§ **Supplied material**:
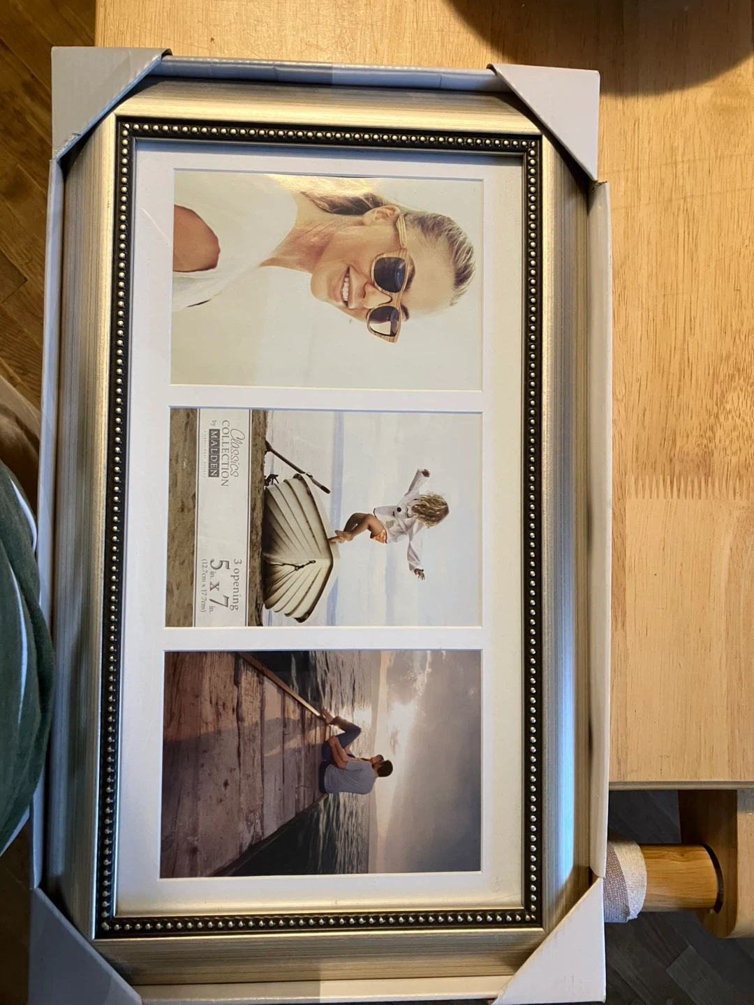 I'm selling a Malden International Designs collage picture frame! It holds three 5x7 photos. The frame has a beaded silver finish and is in great condition
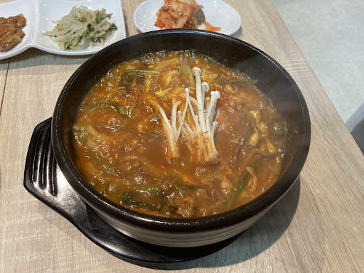 Read moreたまたま知り伺いました。 この辺りにはない韓国料理屋さん。 店内のディスプレイ(テレビ)でK-POP(YouTube)が流れてます。 入店時にまだ商品が提供されてないらお客様が3組程いられてので、入店から注文、提供まで40分程かかりましたが、K-POP好きの私達はゆっくり見られるので逆によかったです。 肝心の料理ですが、妻はキンパ、私はサムギョプサルのランチを頂きましたが、どれも美味しく頂き幸せなひと時でした。韓国料理は付け合わせも沢山ついてきますが、どれも美味しいく、本当に800円でよいのか罪悪感にかられる程。 今時、ラーメン一杯も800円程する時代。K-POPを聴きながら、ゆっくり美味しいランチを食べて800円は素晴らしい。 ランチメニ...
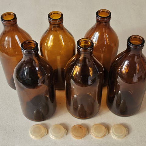 Myydään vanhoja lasipulloja. Hinta 5 e kpl. Mielellään nouto ja käteismaksu.
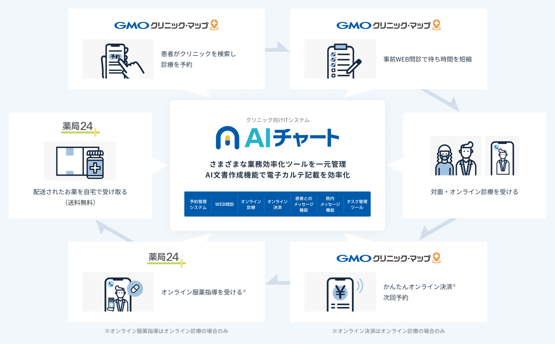 GMOヘルステックは、さまざまな業務の一元管理ができるAI搭載のクリニック向けシステム「AIチャート」を中心とし、クリニック検索・予約サイト「GMOクリニック・マップ」、そしてオンライン服薬指導にも対応する保険薬局「薬局24」の3️つのサービスを連携させ、クリニックと患者さまの両方に、無料でシームレスな診療体験(※2)を提供いたします。

§ **Problem**:
Output the data exactly, pictures omitted.

§ **Solution to this task**:
 I'm selling a Malden International Designs collage picture frame! It holds three 5x7 photos. The frame has a beaded silver finish and is in great condition
 Read moreたまたま知り伺いました。 この辺りにはない韓国料理屋さん。 店内のディスプレイ(テレビ)でK-POP(YouTube)が流れてます。 入店時にまだ商品が提供されてないらお客様が3組程いられてので、入店から注文、提供まで40分程かかりましたが、K-POP好きの私達はゆっくり見られるので逆によかったです。 肝心の料理ですが、妻はキンパ、私はサムギョプサルのランチを頂きましたが、どれも美味しく頂き幸せなひと時でした。韓国料理は付け合わせも沢山ついてきますが、どれも美味しいく、本当に800円でよいのか罪悪感にかられる程。 今時、ラーメン一杯も800円程する時代。K-POPを聴きながら、ゆっくり美味しいランチを食べて800円は素晴らしい。 ランチメニ...
 Myydään vanhoja lasipulloja. Hinta 5 e kpl. Mielellään nouto ja käteismaksu.
 GMOヘルステックは、さまざまな業務の一元管理ができるAI搭載のクリニック向けシステム「AIチャート」を中心とし、クリニック検索・予約サイト「GMOクリニック・マップ」、そしてオンライン服薬指導にも対応する保険薬局「薬局24」の3️つのサービスを連携させ、クリニックと患者さまの両方に、無料でシームレスな診療体験(※2)を提供いたします。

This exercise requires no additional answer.